_DATASET CONTENT_
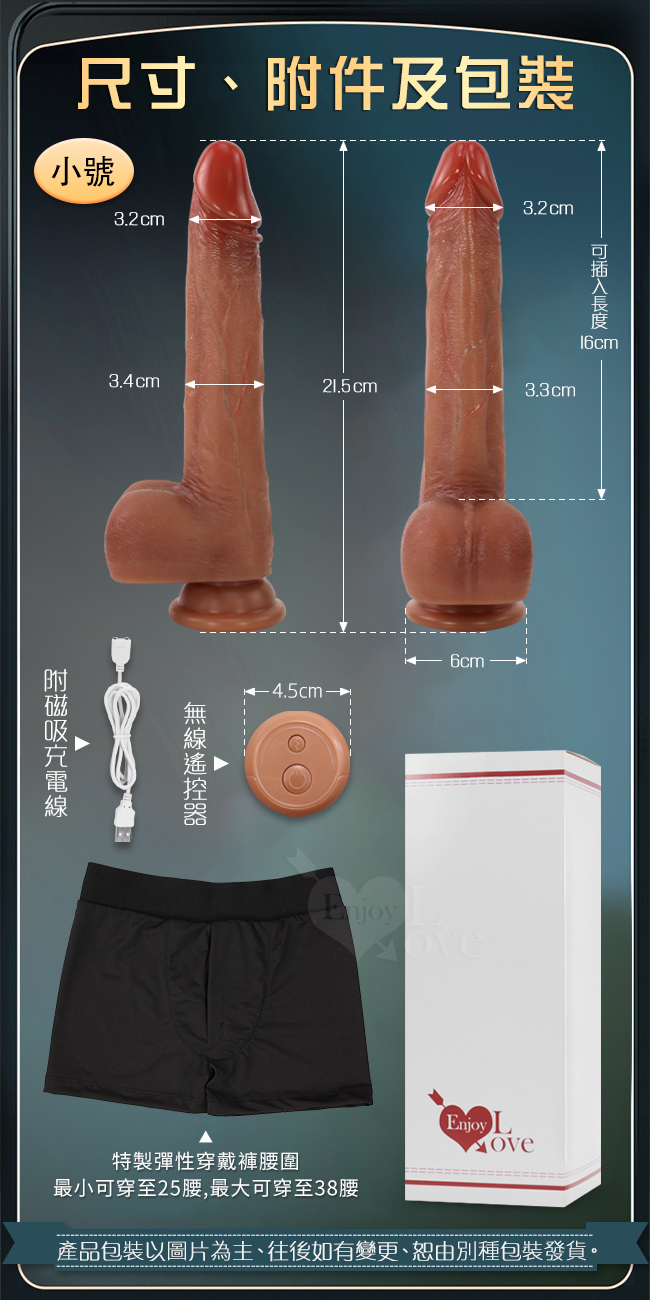 當前位置: 首頁 > 女性用品 > 女同志穿戴用品 > 強攻號角無線遙控版 ‧ 超高仿真Q彈肉感液態硅膠陽具+特製彈性穿戴褲﹝伸縮抽送撞擊+42°恆溫+磁吸充電﹞﹝小﹞【特別提供保固6個月】
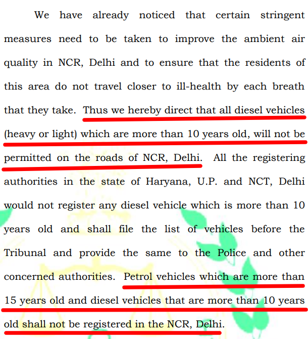 NGT के वेबसाइट पर मौजूद जानकारी के अनुसार 7 अप्रैल, 2015 के ट्रिब्यूनल द्वारा ई आदेश दिहल गईल रहल कि दिल्ली में 10 साल से पुरान डीजल तथा 15 साल से पुरान पेट्रोल गाड़िन पर प्रतिबंध लगा दिहल जा.
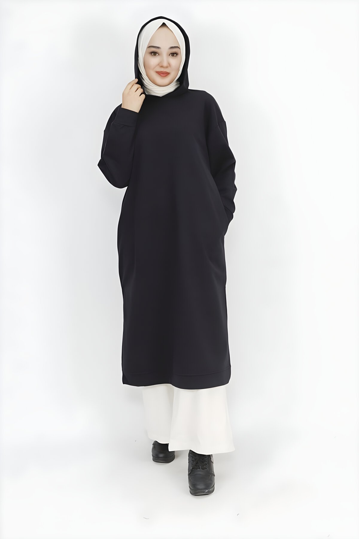 ButikSiyah İp Kumaş Kapüşonlu Yırtmaç Detaylı Tesettür Tunik

_PROMPT_
Copy the preceding data in full and word for word, dropping its pictures.

_OUTPUT_
 當前位置: 首頁 > 女性用品 > 女同志穿戴用品 > 強攻號角無線遙控版 ‧ 超高仿真Q彈肉感液態硅膠陽具+特製彈性穿戴褲﹝伸縮抽送撞擊+42°恆溫+磁吸充電﹞﹝小﹞【特別提供保固6個月】
 NGT के वेबसाइट पर मौजूद जानकारी के अनुसार 7 अप्रैल, 2015 के ट्रिब्यूनल द्वारा ई आदेश दिहल गईल रहल कि दिल्ली में 10 साल से पुरान डीजल तथा 15 साल से पुरान पेट्रोल गाड़िन पर प्रतिबंध लगा दिहल जा.
 ButikSiyah İp Kumaş Kapüşonlu Yırtmaç Detaylı Tesettür Tunik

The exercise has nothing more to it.